An interesting aspect of Mr Jagdeo’s spin on our problems is the assertion that part of the cost cutting at Guysuco will be the removal of wasteful expenditure. This is an interesting confession; for the President is clearly admitting that the operations of Guysuco under the guidance of its Board was in fact condoning and benefiting from waste and inefficiency. Citizens are asked to note that this Board which is now being accused of waste is a roll call of PPP/C stalwarts such as Donald Ramotar, Vic Ouditt, Ronald Ally and Hubert Rodney. The truth is that the Board of Guysuco was negligent in its stewardship of the industry’s affairs. Whilst they were fiddling with dependency upon protected markets in Europe, they ignored the market opportunities for markets in the region, the necessity to invest in downstream products and the urgent task of modernising and retooling the industry. The time of reckoning has now come. It is time for Mr Jagdeo to tell the people the truth.

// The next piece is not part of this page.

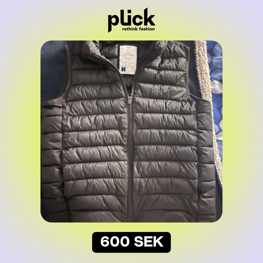 Säljer en svart dunväst från GAP i storlek XL kids. Västen är quiltad och har en dragkedja framtill. Perfekt för höst och vinter när du vill hålla dig varm men ändå ha armarna fria. Den är i nyskick och ser riktigt snygg ut. Passar bra till både vardag och lite mer avslappnade tillfällen.

The PNCR wishes to refer to an article in the Chronicle of January 20th dealing with the approach of the international aid donor community on Poverty Reduction Strategy Programmes. We note that among other things, they refer to the importance of issues of consultation and good governance in the local situation as a basis for success in programmes for dealing with poverty and development. We wish to highlight in particular their assertion that ‘good policies begin at home, including a serious effort to address governance issues’. We hope the financial institutions are true to their professional and international responsibilities. We hope the PPP/C will take note. The PNCR on behalf of the people of Guyana will be paying careful attention to ensure that good governance remains high on our agenda.
Finally, the PNCR has rejected a request by the PPP/C administration for its participation in an audit of the Supreme Court Registry, as inappropriate. Our position is that an audit is a professional matter and should be undertaken by a reputable professional outfit. Moreover, it is our view that the way forward in dealing with the problems of the Supreme Court Registry is to mount a Public Inquiry in order to provide an opportunity for aggrieved citizens to give evidence and to supply information which would likely assist a professional audit.